## Dataset content
━━━━

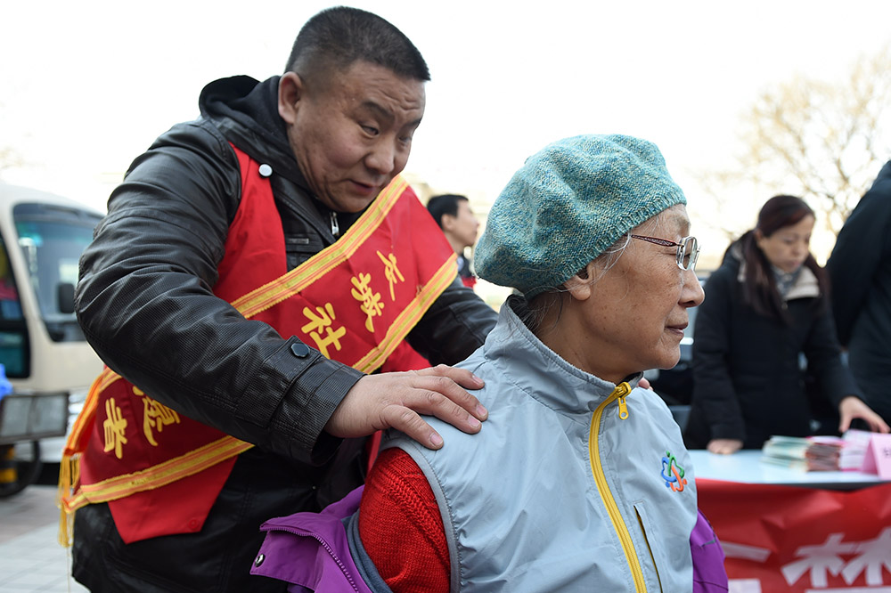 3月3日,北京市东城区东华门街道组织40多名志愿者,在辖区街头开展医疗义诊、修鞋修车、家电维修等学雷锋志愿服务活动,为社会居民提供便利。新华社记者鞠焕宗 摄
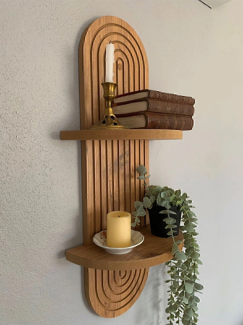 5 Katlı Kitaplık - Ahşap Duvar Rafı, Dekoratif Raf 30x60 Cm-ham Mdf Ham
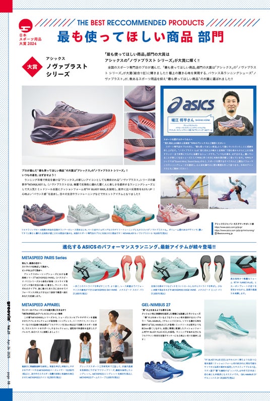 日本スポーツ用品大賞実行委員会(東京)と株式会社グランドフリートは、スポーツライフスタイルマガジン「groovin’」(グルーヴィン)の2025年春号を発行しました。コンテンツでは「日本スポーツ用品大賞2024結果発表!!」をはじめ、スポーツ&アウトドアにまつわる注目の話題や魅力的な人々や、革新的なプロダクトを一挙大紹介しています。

━━━━

## Goal of the exercise
If the data includes images, omit them, and set down everything else exactly as above.

## Task answer
 3月3日,北京市东城区东华门街道组织40多名志愿者,在辖区街头开展医疗义诊、修鞋修车、家电维修等学雷锋志愿服务活动,为社会居民提供便利。新华社记者鞠焕宗 摄
 5 Katlı Kitaplık - Ahşap Duvar Rafı, Dekoratif Raf 30x60 Cm-ham Mdf Ham
 日本スポーツ用品大賞実行委員会(東京)と株式会社グランドフリートは、スポーツライフスタイルマガジン「groovin’」(グルーヴィン)の2025年春号を発行しました。コンテンツでは「日本スポーツ用品大賞2024結果発表!!」をはじめ、スポーツ&アウトドアにまつわる注目の話題や魅力的な人々や、革新的なプロダクトを一挙大紹介しています。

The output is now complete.